Например, культ аскетической жизни в горах: синто-буддийский синкретизм смешал все эти разные элементы, утвердил человека воплощением божеств, а отшельников, ищущих спасения у Будды, удалявшихся в горы, стали звать “спящие в горах”. Они были врачевателями, заклинателями, травниками и именно поэтому оказались очень близки к народу, несли учение в низкие слои общества. 

Образ жизни столичной знати тогда состоял из любовных утех, занятий искусством и наукой, созерцания красот природы, стали частыми турниры в области искусств, ута-авасэ, распространились обычаи выезда в горы для любования цветами, совместного созерцания полной луны осенней ночью, слушание пения сверчков на прогулке.

Двумя основными принципами творчества хэйанцев были культ красоты и культ чувства.

Та картина мира из древности, то восприятие, вообще, японцами, ее как некоего целого, то ощущение присутствия в себе этого целого и ощущения себя частицей его, — всегда ставило творческих людей в зависимое положение от окружающего.
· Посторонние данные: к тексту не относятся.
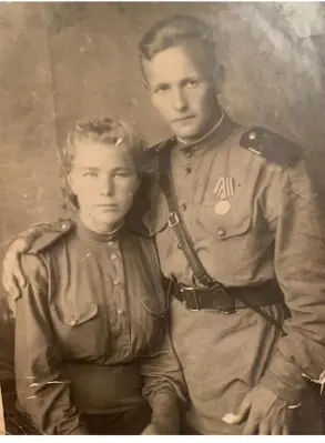 В 1944 году, на войне, дедуля знакомится с Марией Тихоновной. А 31 августа 1944 года вступает с ней с законный брак. Война продолжается, а вместе с ней и жизнь. Люди верили в ПОБЕДУ и шли к ней. С войны прабабушка была демобилизована в декрет.
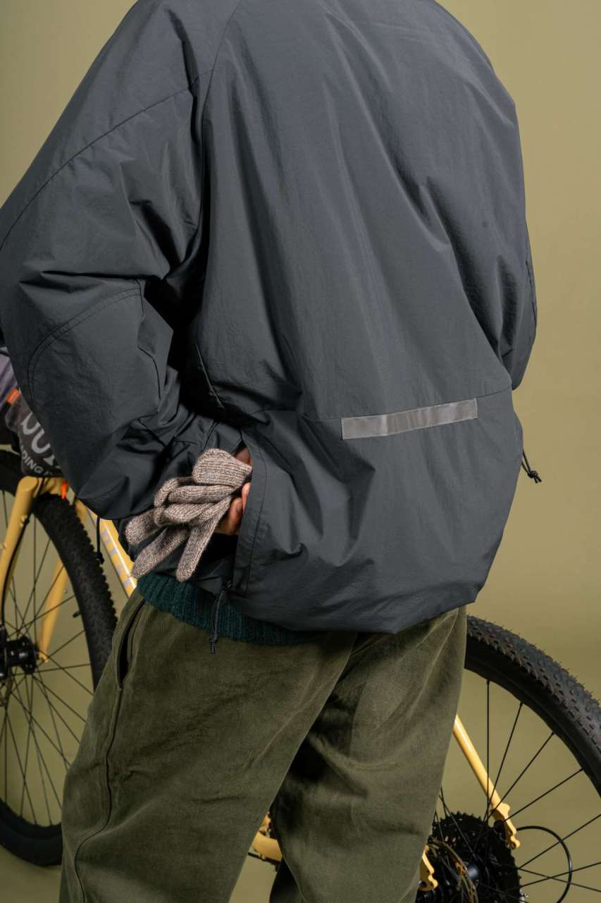 別注ならではのリフレクターと大きいポケットは、安全性・収納力抜群というメリットはもちろん、シンプルに格好いい。
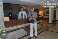 Прибыли утром в районе 7,размещение только в 14,т.к. номеров свободных не было,хотя муж предлагал $. Нам предложили идти на завтрак,чемоданы оставили на ресепшен,взяли купальники и пошли в "4" на завтрак. До нее буквально через скверик 2 минуты ходьбы,она на берегу моря. После завтрака спустились в морю,лежаки были,до 9 часов можно вполне спокойно найти лежак.
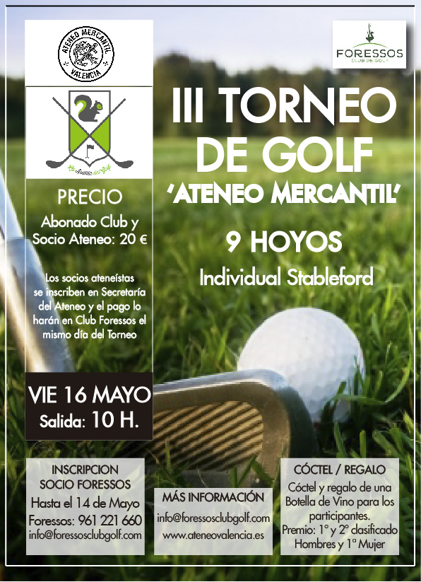 El Ateneo Mercantil de Valencia, en colaboración con el Foressos Club de Golf y La Ardilla del Golf, organiza el próximo viernes, 16 de mayo de 2025 de 10 a 14 horas su tercer torneo de golf en formato Individual Stableford, en uno de los entornos más agradables para los amantes del golf: el Foressos Club de Golf. ¡No te quedes fuera de esta experiencia única!

То есть этот человек — не творец, а он — проводник, как те отшельники-проводники в горы.

Вот и я про дневник — путешествия — пишу.

Тоса-никки, 935г.

Это самый ранний лирический дневник.
Считается, что написал его Ки-но Цураюки и начинается он так: «Полагают, что дневники пишут обычно мужчины. И все же я взяла на себя этот труд, чтобы посмотреть, что тут может сделать женщина». 

В тексте много пятистиший, принадлежащих поэту, поэтому и делается предположение о его авторстве. Да и родоначальником жанра традиционно должен быть мужчина. Вот этот вот момент, кстати, интересный — все начальное, зарождающееся — должно идти от мужчины. Даже если это немного не входит в концепт некоего видения, все равно и непрестанно. Расставили приоритеты, выявили главное и объявили главное мужским деянием. Непременно.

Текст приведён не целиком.